▶ _RECORDS PROVIDED_:
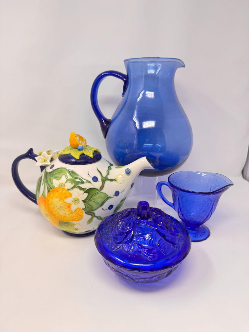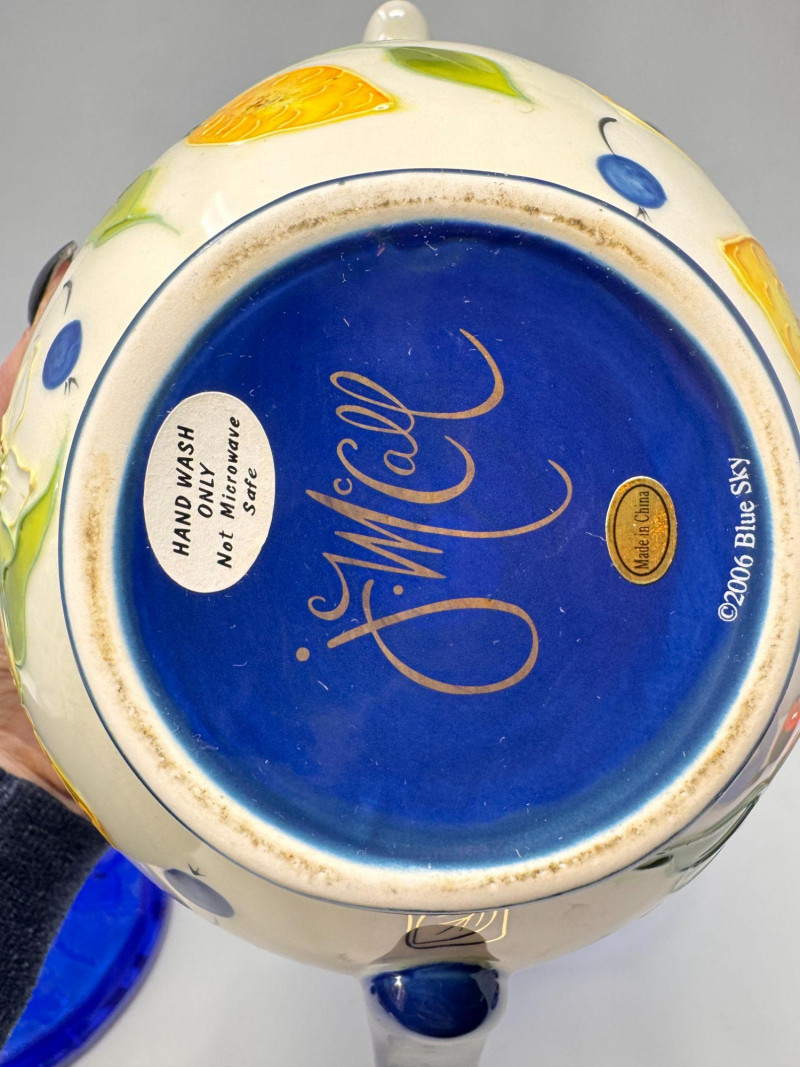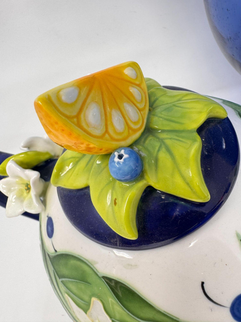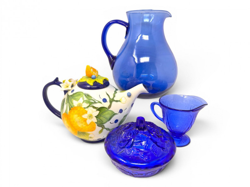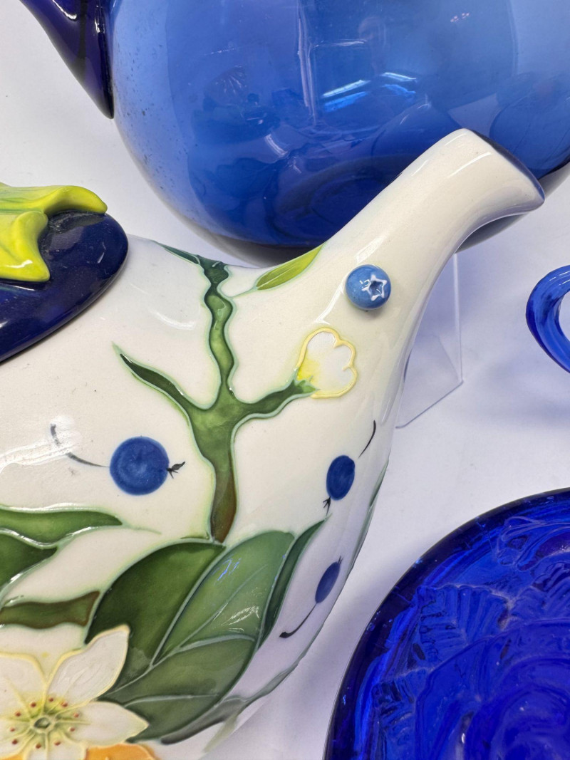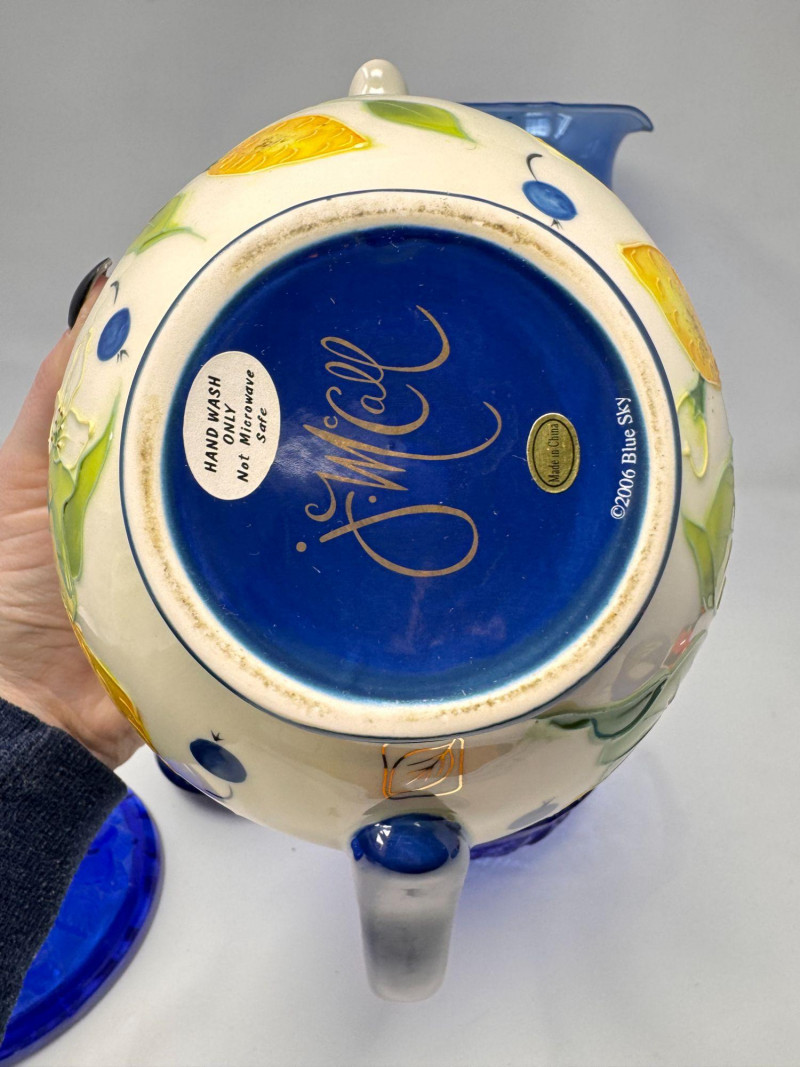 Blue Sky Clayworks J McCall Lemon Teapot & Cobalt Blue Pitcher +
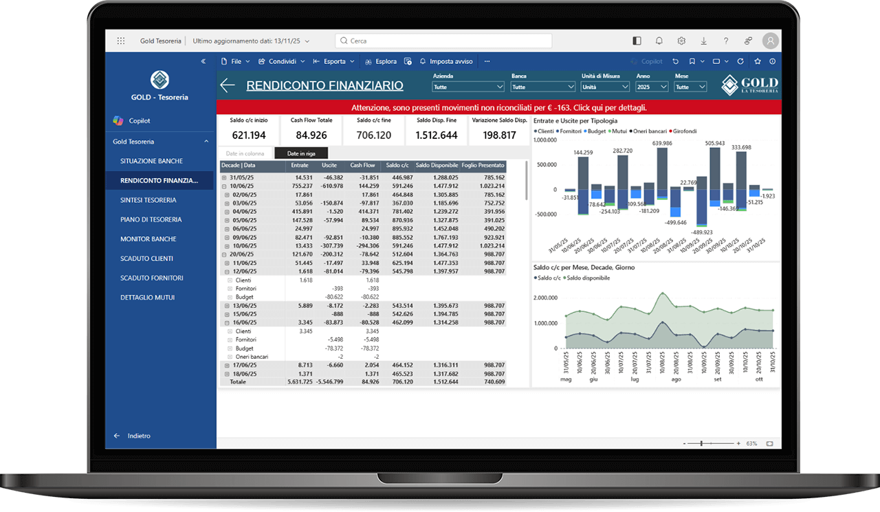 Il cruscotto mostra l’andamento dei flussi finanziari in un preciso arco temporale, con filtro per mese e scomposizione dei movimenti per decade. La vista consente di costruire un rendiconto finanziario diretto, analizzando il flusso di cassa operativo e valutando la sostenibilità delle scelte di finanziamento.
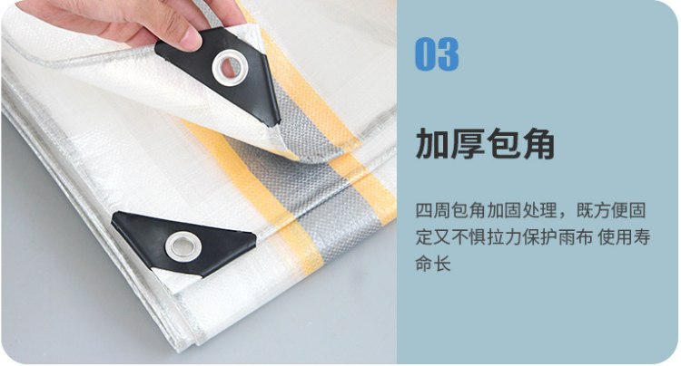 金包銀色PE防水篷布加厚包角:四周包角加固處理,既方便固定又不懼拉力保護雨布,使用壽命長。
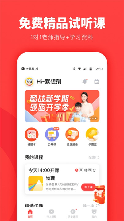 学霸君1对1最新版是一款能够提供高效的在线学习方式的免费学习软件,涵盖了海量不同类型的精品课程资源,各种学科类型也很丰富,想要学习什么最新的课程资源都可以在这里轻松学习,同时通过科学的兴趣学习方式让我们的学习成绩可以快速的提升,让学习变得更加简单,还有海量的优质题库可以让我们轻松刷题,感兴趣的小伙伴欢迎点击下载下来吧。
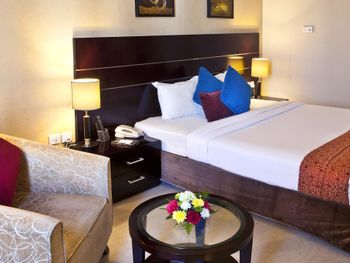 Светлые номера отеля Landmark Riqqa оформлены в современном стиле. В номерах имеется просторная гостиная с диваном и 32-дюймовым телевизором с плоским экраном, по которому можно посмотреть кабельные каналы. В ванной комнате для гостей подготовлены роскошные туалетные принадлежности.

...

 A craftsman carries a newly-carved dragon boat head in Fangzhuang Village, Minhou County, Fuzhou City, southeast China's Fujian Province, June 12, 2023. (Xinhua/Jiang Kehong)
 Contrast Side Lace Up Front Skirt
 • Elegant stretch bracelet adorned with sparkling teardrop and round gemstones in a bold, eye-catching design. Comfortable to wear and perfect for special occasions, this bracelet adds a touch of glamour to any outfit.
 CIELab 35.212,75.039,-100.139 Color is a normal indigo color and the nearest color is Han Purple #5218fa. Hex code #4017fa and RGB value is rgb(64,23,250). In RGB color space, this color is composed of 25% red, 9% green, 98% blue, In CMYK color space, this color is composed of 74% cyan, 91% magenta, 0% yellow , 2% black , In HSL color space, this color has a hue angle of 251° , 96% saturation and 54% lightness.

▶ _WHAT THE TASK REQUIRES_:
Reproduce every line in the records above that contains the word "this".

▶ _EXERCISE ANSWER_:
 • Elegant stretch bracelet adorned with sparkling teardrop and round gemstones in a bold, eye-catching design. Comfortable to wear and perfect for special occasions, this bracelet adds a touch of glamour to any outfit.
 CIELab 35.212,75.039,-100.139 Color is a normal indigo color and the nearest color is Han Purple #5218fa. Hex code #4017fa and RGB value is rgb(64,23,250). In RGB color space, this color is composed of 25% red, 9% green, 98% blue, In CMYK color space, this color is composed of 74% cyan, 91% magenta, 0% yellow , 2% black , In HSL color space, this color has a hue angle of 251° , 96% saturation and 54% lightness.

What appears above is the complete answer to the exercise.